Information supplied: Begin
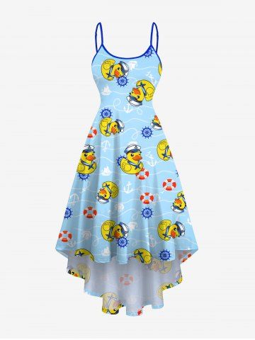 Plus Size Anchor Swimming Ring Cute Duck Print Hawaii Cruise High Low Asymmetric Cami Dress - Light Blue - 2x
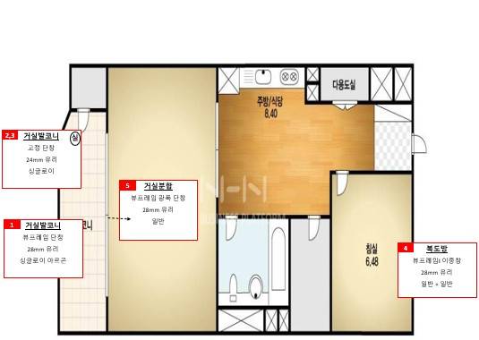 노원 상계주공의 경우 발코니에 사선 형태의 고정창이 많이 들어가 있는 특징이 있습니다.
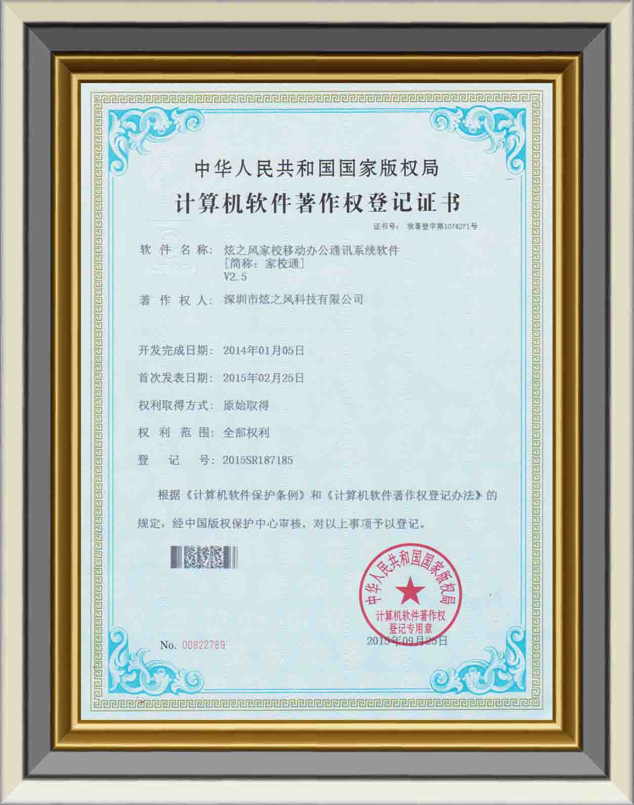 • 2014年5月1日,炫之風獲得家校移動辦公通訊系統軟件登記書
Information supplied: End
Please give the data again in full, exactly as written, but without any images.

 Plus Size Anchor Swimming Ring Cute Duck Print Hawaii Cruise High Low Asymmetric Cami Dress - Light Blue - 2x
 노원 상계주공의 경우 발코니에 사선 형태의 고정창이 많이 들어가 있는 특징이 있습니다.
 • 2014年5月1日,炫之風獲得家校移動辦公通訊系統軟件登記書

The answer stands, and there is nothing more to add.